The media are often less than creative when seeing large absolute profit figures. BBC, for one, always just send someone off to the pumps to wind up a driver.

It's a free market. I don't care how much BP make. If it's "too much" I expect someone else to enter the market and compete. Unlike the banks, these companies are not a Government-backed quasi cartel; they work and invest like stink to make a profit. Good for them. We're lucky to have them in the UK given that nearly all their money is made overseas. Needless to say, the BBC didn't mention their massive tax bill propping up Gordon et al.

THEY MAKE PEANUTS FROM SELLING PETROL.
Excessive oil company profits? - jbif
Stu, can you really be making 83%, or have you forgotten expenses? On other postings, you mentioned other competitors were making life tough for you?


I too have wondered about this and asked the question about his overheads at least a couple of times in Stu's various threads. I think the term "profit" may mean something different to non-accountants. At 80% plus profit, it seems that valeting is a good business to be in. High street retailers can only generally manage a margin of 10 to 15%.

Excessive oil company profits? - Optimist
THEY MAKE PEANUTS FROM SELLING PETROL. >>


Tesco operate on wafer thin margins in the grocery business but make huge profits because billions of tuppences and thruppences add up. Take away the petrol pumps and there's less to do with the oil the oil companies extract.
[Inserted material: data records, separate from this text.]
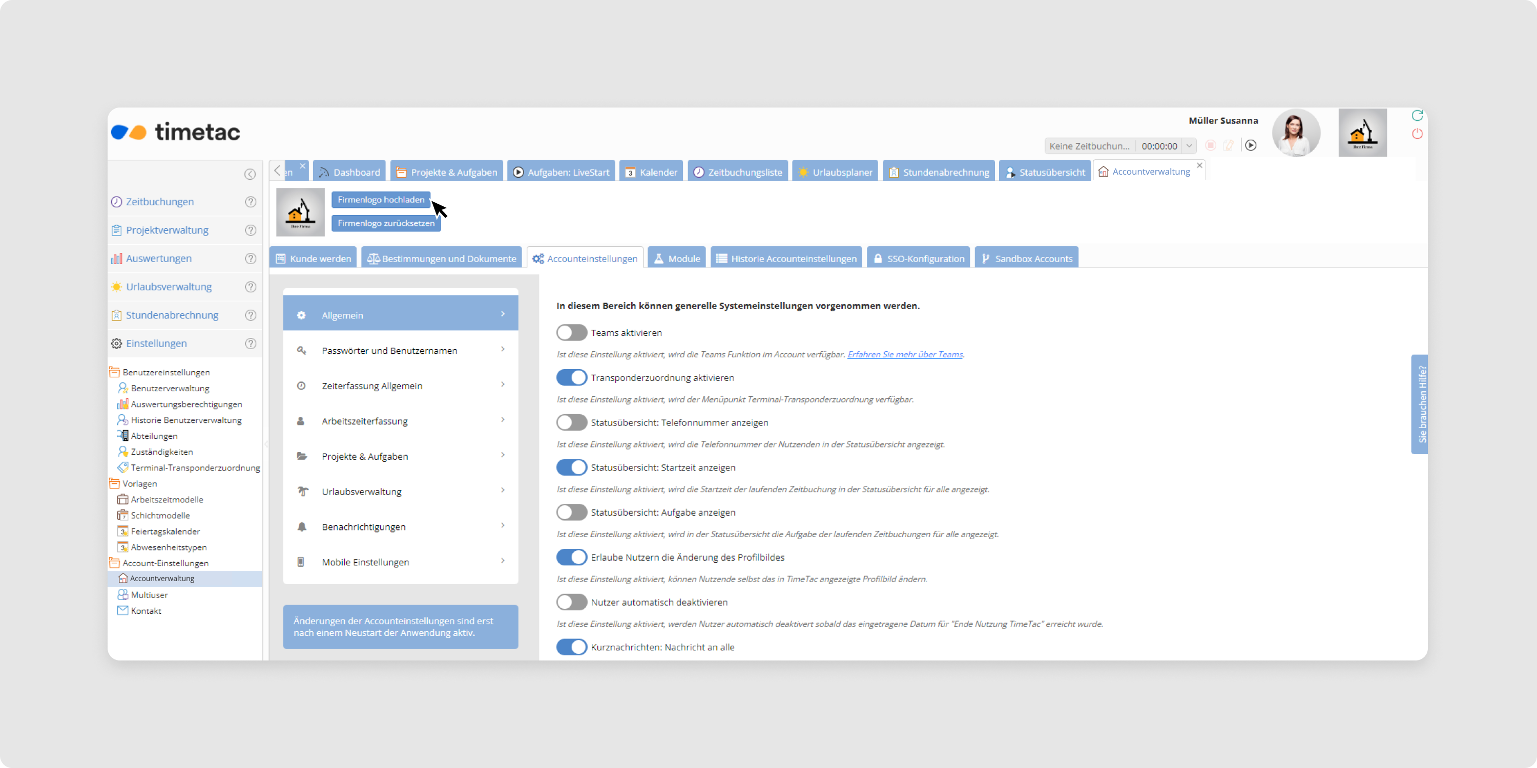Und schon erscheint Ihr Firmenlogo im TimeTac-Account.
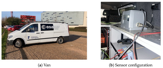Three tests were conducted in this study using a test train and a test van at Nottingham Geospatial Institute (NGI), as shown in Figure 1 and Figure 2.
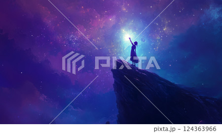 スピリチュアル空間幻想的な空に手を伸ばす少女のシルエット
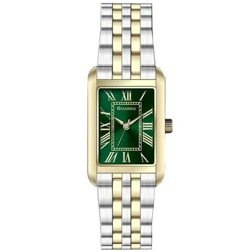 Жіночі годинники Guardo 012796-3 являють собою гармонійне поєднання класичного дизайну та сучасної функціональності. Корпус із нержавної сталі сріблястого кольору має прямокутну форму з розмірами 35 х 20 х 8 мм, що додає виробу строгий та елегантний зовнішній вигляд. Циферблат із римськими цифрами забезпечує хорошу читабельність і підкресленість стилю.
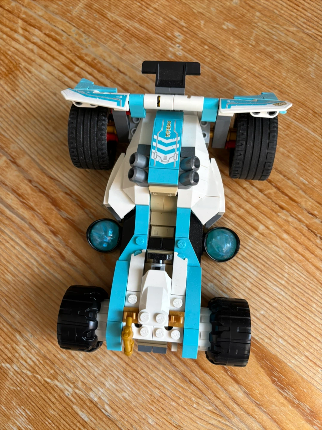 Selling a LEGO Ninjago Jay's Electric Dragon Race Car (set number 71779). This cool set features a blue and white race car with black tires and some transparent blue elements. It's a fun build for kids who love LEGO and Ninjago!
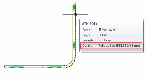 Wenn Sie die Maus über ein ATHENA Objekt bewegen, werden in den Quickinfos entsprechende Details angezeigt. Das sind neben den AutoCAD Eigenschaften (Farbe, Layer, Linientyp) auch die spezifischen Eigenschaften des jeweiligen ATHENA Objektes (z.B. Folie EPDM 1.2/200 mm).
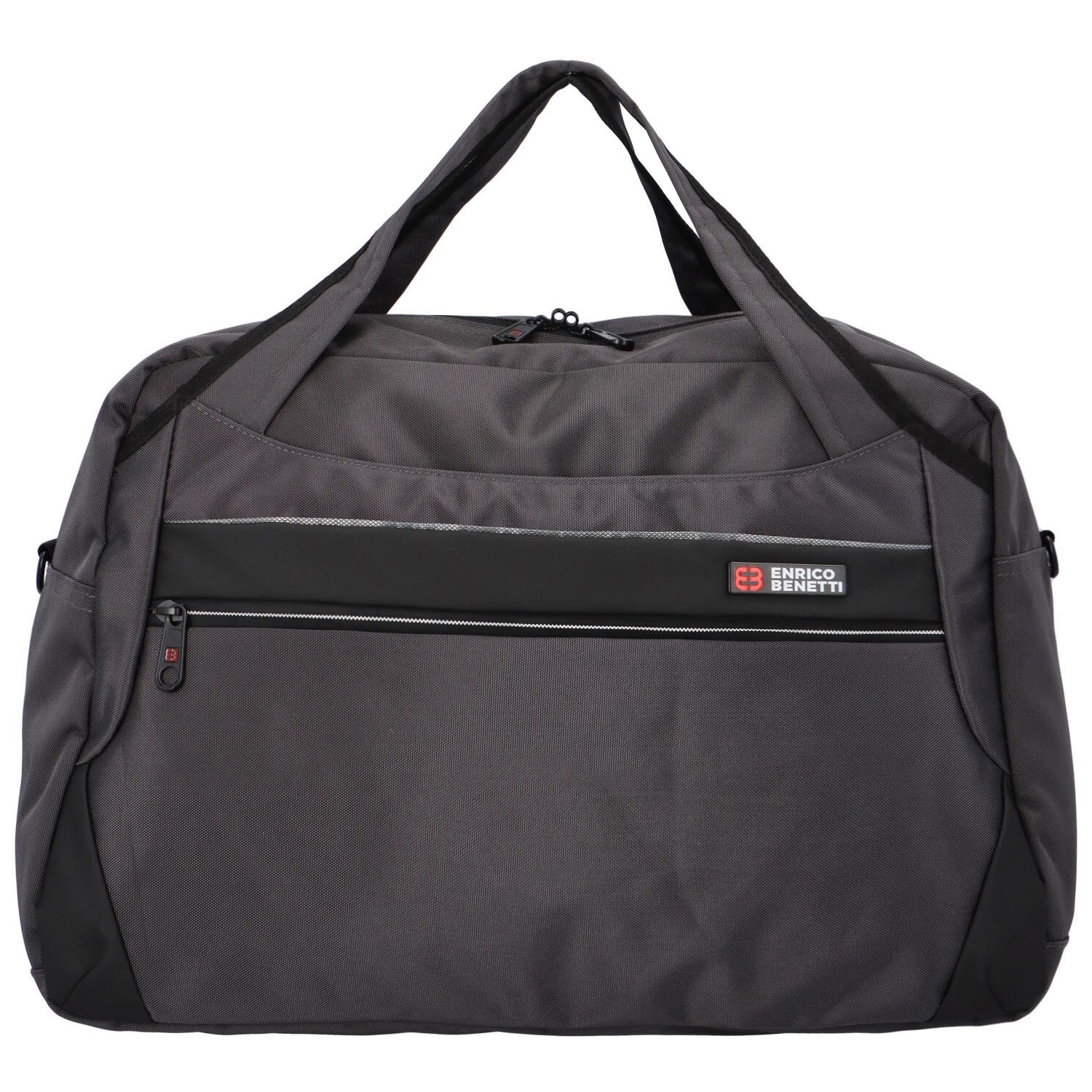 Cestovná šedá látková taška od značky Enrico Benetti , ktorú je možné nosiť v ruke aj cez rameno. Taška je ideálna na cestovanie, ale využijete ju aj ako športovú tašku. Taška je vyrobená z kvalitnej, odolnej textílie, taktiež zipsy tašky sú pevné a spoľahlivé. Hlavné vrecko ponúkne dostatok úložného priestoru s tromi voľnými priehradkami a jednou priehradkou na zips. Z vonkajšej strany má taška vpredu dve vrecká na zips a vzadu jedno voľné vrecko. Uši tašky je možné pripnúť k sebe cvočkom. Odnímateľný popruh je látkový a pevný. Objednajte ešte dnes a vyskúšajte, vrátiť ju môžete až za 30 dní!
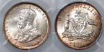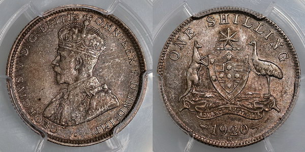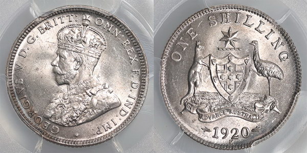| Description: Shilling. 1920M. PCGS graded MS 65 (61267303). Equal second highest graded, with only two graded higher. Light tone with bright mint bloom. Very rare in this grade. GEM UNC |
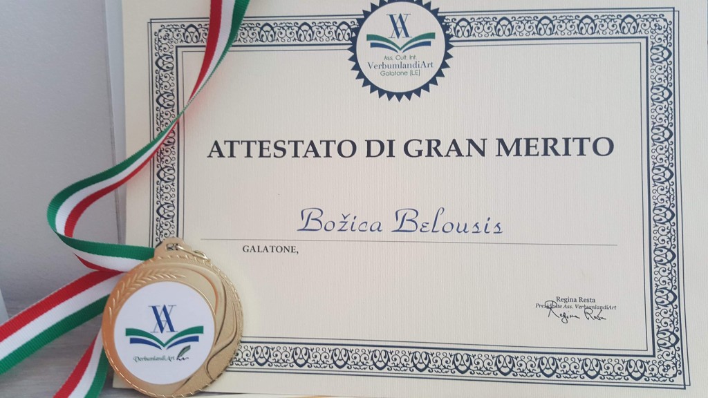 Naime, na osnovu protokola o saradnji i razmeni kulturnih dobara između udruženja književnika Verbunlandi Art Kazerta,iz Italije i poznatog Udruženja romskih književnika, naša književnica Božica Velousis je kao počasna članica Udruženja romskih književnika u okviru razmene pesničkog i književnog stvaralaštva za jednu od pesama koju je objavila u domenu svoje zbirke poezije, od strane gospođe Mirjane Dobrila Vinćenco Romanelo dobila značajno priznanje za doprinos književnom stvaralaštvu.

The poster was making the oil companies sound like some sort of charity. They're not. From what everyone has been saying on here, oil is a tough business to be in. So it must follow that you wouldn't be there unless you felt you were making a decent profit.

And without a decent profit you can't have a "massive tax bill".

Edited by Optimist on 01/05/2008 at 11:41

Excessive oil company profits? - jbif
So it must follow that you wouldn't be there unless you felt you were making a decent profit.


Is that why BP sold off Grangemouth refinery to Ineos 3 years ago?

Excessive oil company profits? - Optimist
I don't know why they sold. They made a decent profit first quarter this year, anyway.

Alternatively: why did Ineos buy unless they knew they could make a decent profit?
Excessive oil company profits? - jbif
Alternatively: why did Ineos buy unless they knew they could make a decent profit?


Ineos thought (not knew) they could make a decent profit. But as the strike last week proved, Ineos misjudged what they were buying in to.

Excessive oil company profits? - Optimist
OK. Let's wait and see.
Excessive oil company profits? - hxj

As a non-accountant I don't see the problems with the 83% profit margin. As I understand things Stu works on his own and exploits his own skills and abilities.

I see it entirely feasible for him to say charge £12 a hour and spend £1 on materials and £1 on other costs. Giving you a profit margin of 83%.
Excessive oil company profits? - jbif
As a non-accountant .... Giving you a profit margin of 83%.


How much are you allowing for the cost of labour?

Excessive oil company profits? - Roly93
Stu can you really be making 83% or have you forgotten expenses? On other postings
you mentioned other competitors were making life tough for you?

A post P&L profit of 83% on almost any business is almost impossible I would have thought, apart from things like the oldest profession in the world !
Excessive oil company profits? - Optimist
If Stu put his time through his accounts at, say, £10 an hour I imagine that would make a big difference to his figure.
Excessive oil company profits? - Hamsafar
"I don't know why they sold. They made a decent profit first quarter this year, anyway."

The reason the oil companies are selling these areas of the business is due to events such as EXXON Valdiz. After that, the industry started to to sell off risky parts of the business such as shipping so that they don't get the bad P.R. when a disaster occurs and so that the smaller company would fold because it has no brand it is disposable. It is much better for Shell, BP etc... to be a customer than the polluter. Of course, a bit of digging will show that the same families own these smaller companies as the oil companies.